PCM composes with HF and KS-DFT, and its **analytic gradient** is included, so you can optimize a geometry
*in solvent*.

## Dispersion corrections (DFT-D3 / D4)

### Theory

**London dispersion** — the weak, attractive van der Waals force between instantaneously-induced dipoles — is
a pure **long-range correlation** effect. Hartree–Fock misses it entirely, and most semi-local DFT
functionals capture little of it, so they underbind π-stacks, layered materials, host–guest complexes, and
molecular crystals. The **DFT-D** corrections add it back as a cheap, geometry-only **atom-pairwise** sum.

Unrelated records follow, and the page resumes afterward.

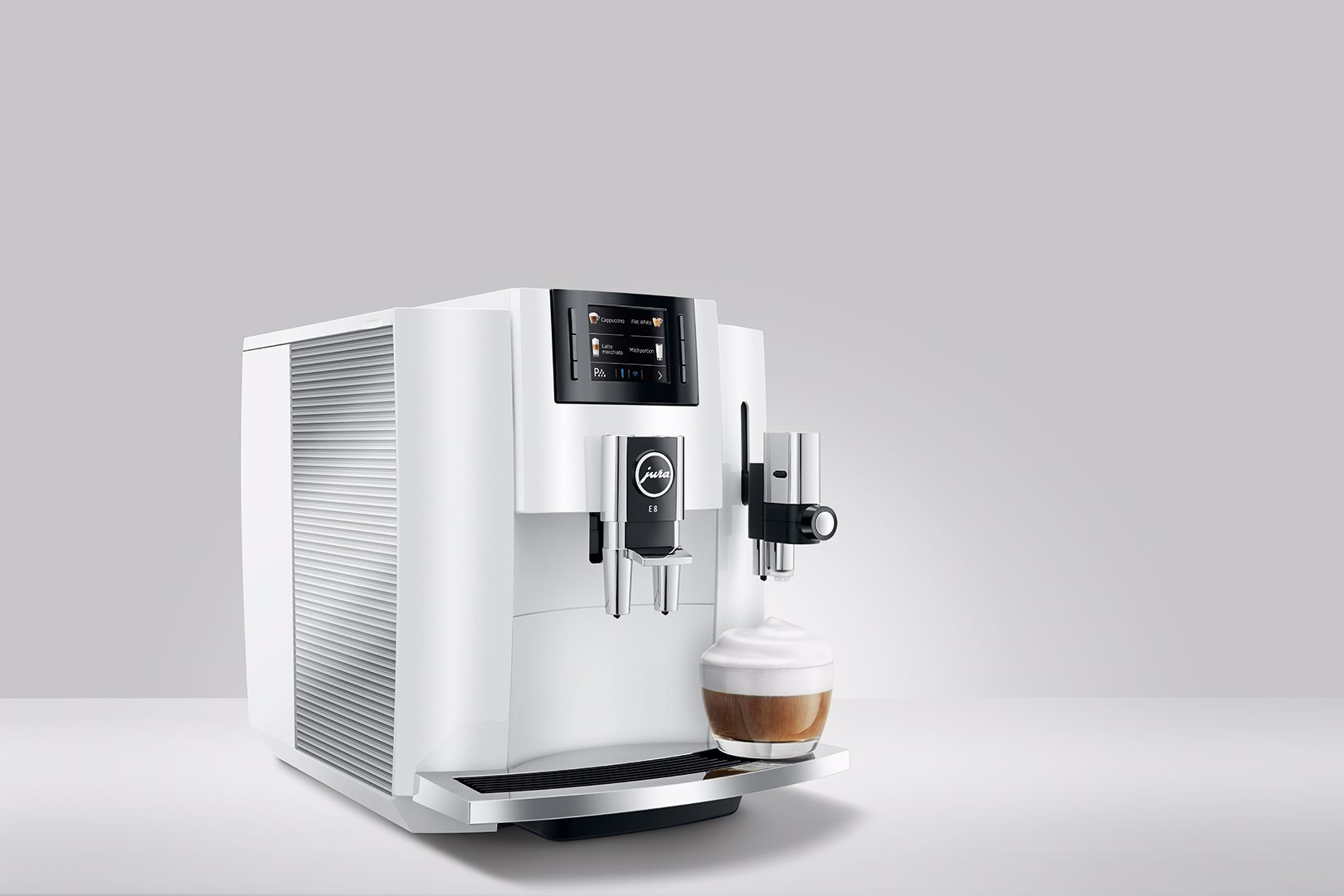 Nejúspěšnější kávovar od značky JURA byl dále zdokonalován. Celkem dvanáct různých specialit připravíte s modelem E8 jediným stisknutím tlačítka. Novým přírůstkem do nabídky nápojů je espresso macchiato, espresso doppio, káva speciál a horká voda pro zelený čaj, vše připravované jediným stisknutím tlačítka.
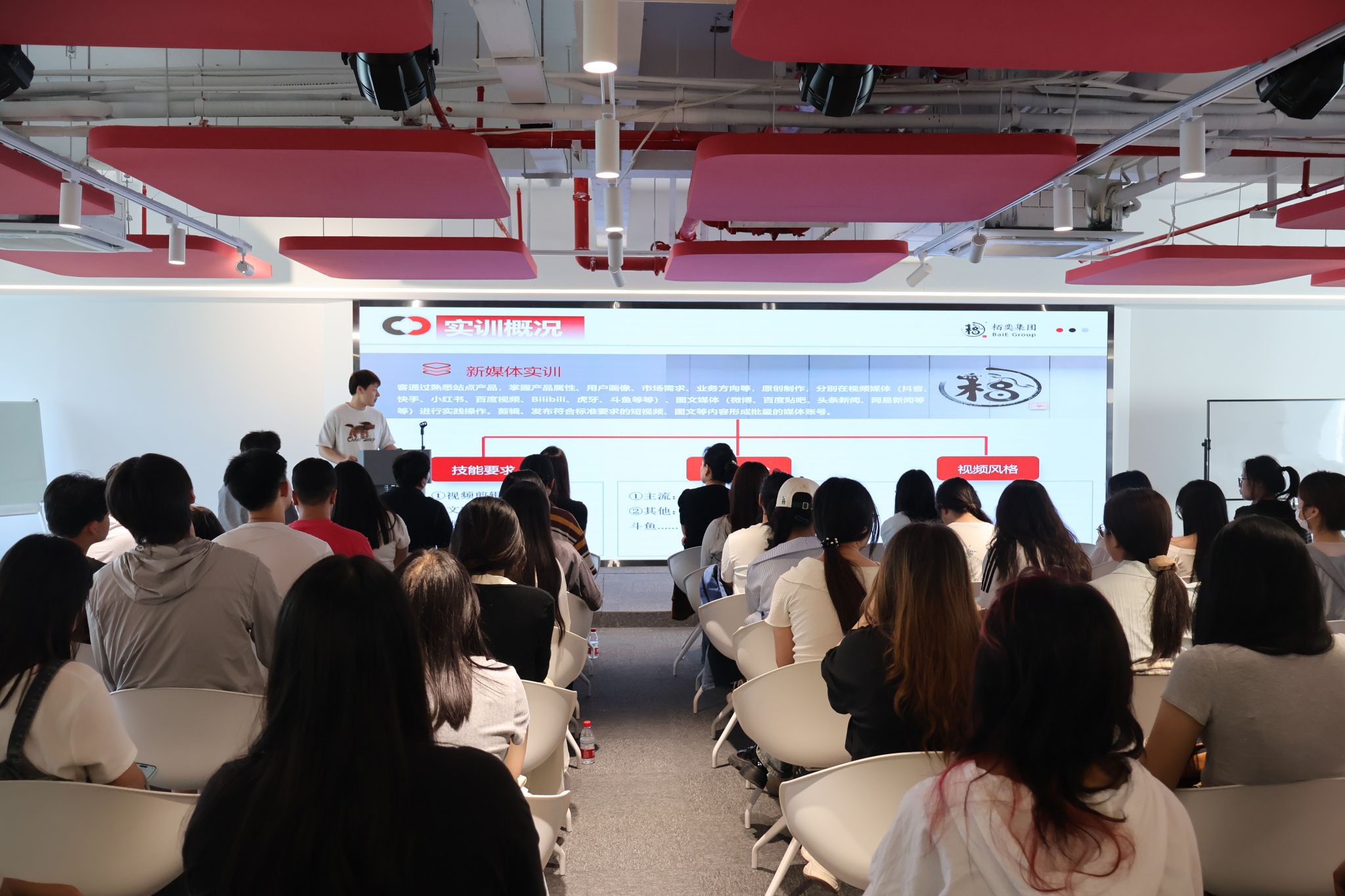 隨后,“刺氪”項(xiàng)目負(fù)責(zé)人王君詳細(xì)講解了短視頻行業(yè)的商業(yè)邏輯,涵蓋趨勢(shì)分析、內(nèi)容制作、軟件運(yùn)營(yíng)及數(shù)據(jù)分析等環(huán)節(jié)。技術(shù)指導(dǎo)崔瀚文則結(jié)合案例,拆解了游戲類短視頻的制作類型與全流程。人力資源總監(jiān)王汐妍介紹了“產(chǎn)教融合新媒體實(shí)訓(xùn)營(yíng)”的培訓(xùn)方式、地點(diǎn)、要求、職業(yè)發(fā)展路徑、實(shí)訓(xùn)就業(yè)等具體情況。同學(xué)們圍繞“零經(jīng)驗(yàn)如何入行”“行業(yè)發(fā)展趨勢(shì)”等話題踴躍提問(wèn),并表示對(duì)實(shí)訓(xùn)營(yíng)非常感興趣,主動(dòng)加群報(bào)名。
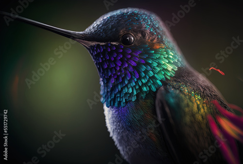 © AkuAku, Obraz premium Beautiful hummingbird in close up perched on a light. Generative AI
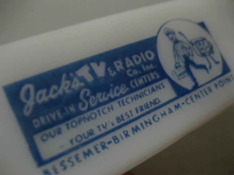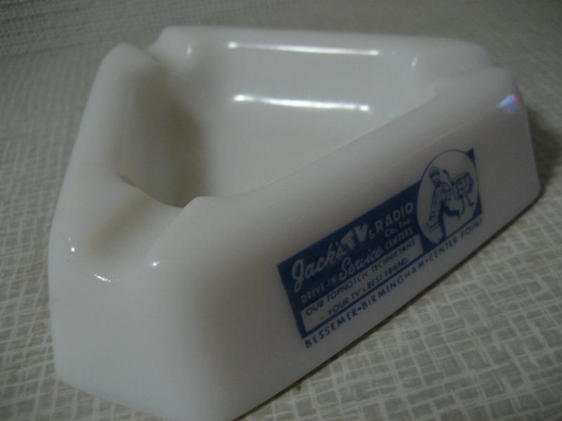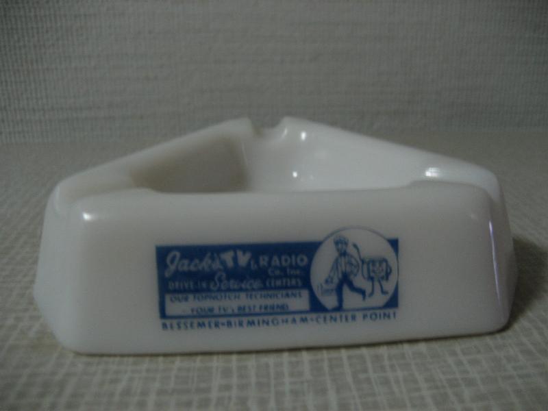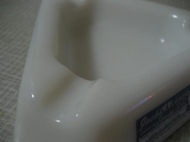 | ビンテージガラスアッシュトレイ / 50年代 USA. "Jack's TV & RADIO Co, Inc." 広告ノベルティ灰皿。つまり50年代頃のテレビ・ラジオ専門店? の宣伝用アイテムでしょうか。。。ファイヤーキングやパイレックスなどに代表されるミルクガラスメイドのアトミックなトライアングルシェイプで側面3面に店舗プリントがされています。使いやすくてGOODなビンテージテーブルピース。ディスプレイにもおススメ! |

The default, **D3 with Becke–Johnson (rational) damping**, is exactly

$$
E_{\text{disp}}^{\text{D3(BJ)}}
= -\sum_{A<B} C_6^{AB}
\left(
\frac{s_6}{R_{AB}^6 + R_0^6} + \frac{s_8\,\big(C_8^{AB}/C_6^{AB}\big)}{R_{AB}^8 + R_0^8}
\right),
\qquad
R_0 = a_1\sqrt{C_8^{AB}/C_6^{AB}} + a_2 .
$$

Three physically distinct ingredients feed this:

- **$C_6^{AB}$ is not a fixed atomic constant** — it is *interpolated* from each atom's **coordination
  number** (a continuous count of its neighbors, from a smooth distance-based switching function), so a
  carbon in a $\text{sp}^3$ environment gets a different $C_6$ than an aromatic carbon. This local-environment
  sensitivity is what the "3" in D3 refers to.
- $C_8^{AB}/C_6^{AB} = 3\sqrt{\langle r^4\rangle_A/\langle r^2\rangle_A}\cdot\sqrt{\langle r^4\rangle_B/\langle
  r^2\rangle_B}$ from tabulated per-element radii.
- $s_6,s_8,a_1,a_2$ are the four **Becke–Johnson parameters**, refit for each DFT functional (looked up by
  the functional name you pass to `dispersion(...)`).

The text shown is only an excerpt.